Dim pdfReader As PdfReader = New PdfReader(pdfTemplate)
Dim de As KeyValuePair(Of String, iTextSharp.text.pdf.AcroFields.Item)
For Each de In pdfReader.AcroFields.Fields
Console.WriteLine(de.Key.ToString())
Next
End Sub
So, I started doing some searching and found reference to another type of PDF structure that they could have switched to; XFA. I honestly still haven't found any satisfactory documentation/samples of this, but I did find some code that seems like it should work to read in the structure of an XFA PDF. (Code below). There're actually 2 different methods here that I tried. The first essentially shows that there're no xmlNodes in xfaFields. The second does find a node called "data" (that's the only one it finds) but doesn't find any child nodes.

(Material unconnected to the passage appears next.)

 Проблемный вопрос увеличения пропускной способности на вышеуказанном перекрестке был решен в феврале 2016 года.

Private Sub ReadXfa(pdfTemplate As String)
pdfReader.unethicalreading = True
Dim readerPDF As New PdfReader(pdfTemplate)
Dim xfaFields = readerPDF.AcroFields.Xfa.DatasetsSom.Name2Node
For Each xmlNode In xfaFields
Console.WriteLine(xmlNode.Value.Name + ":" + xmlNode.Value.InnerText)
Next
'Example of how to get a field value
' Dim lastName = xfaFields.First(Function(a) a.Value.Name = "textFieldLastNameGlobal").Value.InnerText
Dim reader As New PdfReader(pdfTemplate)
Dim xfa As New XfaForm(reader)
Dim node As XmlNode = xfa.DatasetsNode()
Dim list As XmlNodeList = node.ChildNodes()
For i As Integer = 0 To list.Count - 1
Console.WriteLine(list.Item(i).LocalName())

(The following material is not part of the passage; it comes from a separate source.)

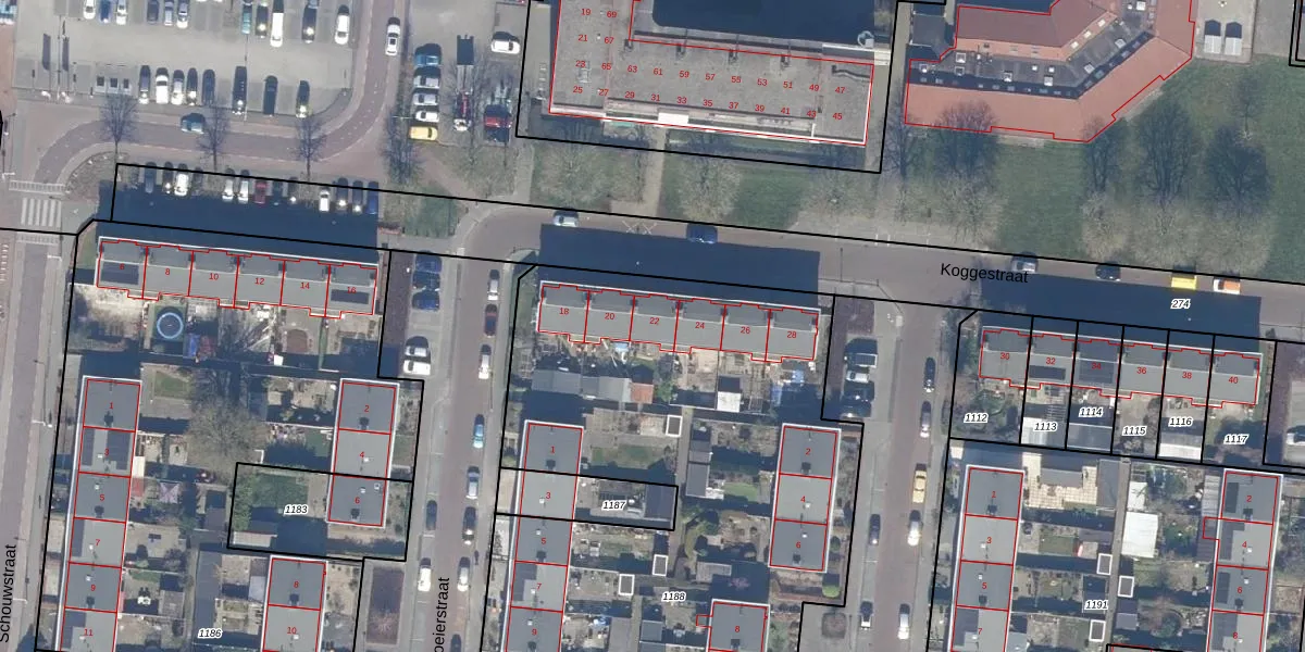 Het perceel waarop Koggestraat 22 staat heeft een oppervlakte van 5060 m². Dit is een zeer groot perceel. De perceeloppervlakte wordt geregistreerd door het Kadaster. Gedetailleerde informatie over de maten van dit perceel kunt u vinden in het rapport Kadastrale kaart met maatvoering van Koggestraat 22.

If "data".Equals(list.Item(i).LocalName()) Then
node = list.Item(i)
Exit For
End If
Next
list = node.ChildNodes()
For i As Integer = 0 To list.Count - 1
Console.WriteLine(list.Item(i).LocalName())
Next
reader.Close()
End Sub
https://www.uscis.gov/system/files_force/files/form/i-9.pdf?download=1
The above link goes to the i9 PDF provided by the government.
SO...I guess I have multiple questions. The simplest is if anybody has done this process/if they can help me. Barring that, if someone could point me in the right direction regarding how to read/write from this new PDF file, that would be stupendous. I'm frankly not even certain how to determine what "type" of form they used - AcroField
, XFA
, something else?
Thank you so much for your time/help!
First, sorry I don't do vb.net anymore, but you should be able to convert the code that follows.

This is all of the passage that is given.